Formatting should always be retained; but I'll try running some tests with the problem formats that you've identified over the next week. Certainly for some of the Excel5 saves, it could be the problem with the formula that's affecting the number format as well. I'm particularly concerned about any number formats that are lost in the Excel2007 Writer.

 

Work Item 7895 is the problem with the unary minus in the Excel5 Writer Parser: the Excel5 Reader has no problem with this. Formulas that contain those unsupported features are returned as an empty string by the parser, when it converts the stored formula to its BIFF representation. Unary minus has been on the hit list for a while as the next feature to address in the Work Item 7895 list. I'll see if I can do something about it over the weekend.

Coordinator
Jan 14, 2011 at 1:22 PM

Having had a quick look through the Excel5 Writer Parser, there's no quick and easy fix for the unary minus operator. In some instances, it works correctly (eg. =-SUM(C5*0.25)), in others not. I can patch it so that =SUM(C5*0.25)*-1 will work, but not =SUM(21*-1). I'd far rather spend the time and get a full solution, than provide a quick fix that sometimes works and sometimes doesn't (without any clear reason why).

Jan 14, 2011 at 3:48 PM

I totally agree that the time would be better spent working on a solution that is both complete and well understood.  Additionally, it sounds like I may be able to work around the issue by changing the formulas and/or using the Excel2007 writer for the output (which is fine by me since the Excel5 format isn't a requirement).
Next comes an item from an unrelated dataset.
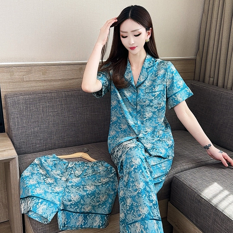 三件套带胸垫可外穿春秋薄家居服套装 短裤 短袖 猫人睡衣女纯棉夏季
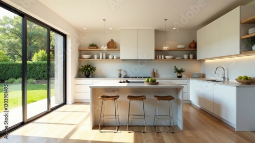 Bright, modern kitchen with island and sliding glass doors to a garden

I'll give it a try with a different formula format (i.e. using the "=-SUM()" style formula rather than the unary minus) and the Excel2007 writer and will post a follow-up with additional info if I run into any further issues using that combination (especially if there is a recurrence of number formats being lost using the Excel2007 writer).

Thank you again for the quick responses and your hard work on this project.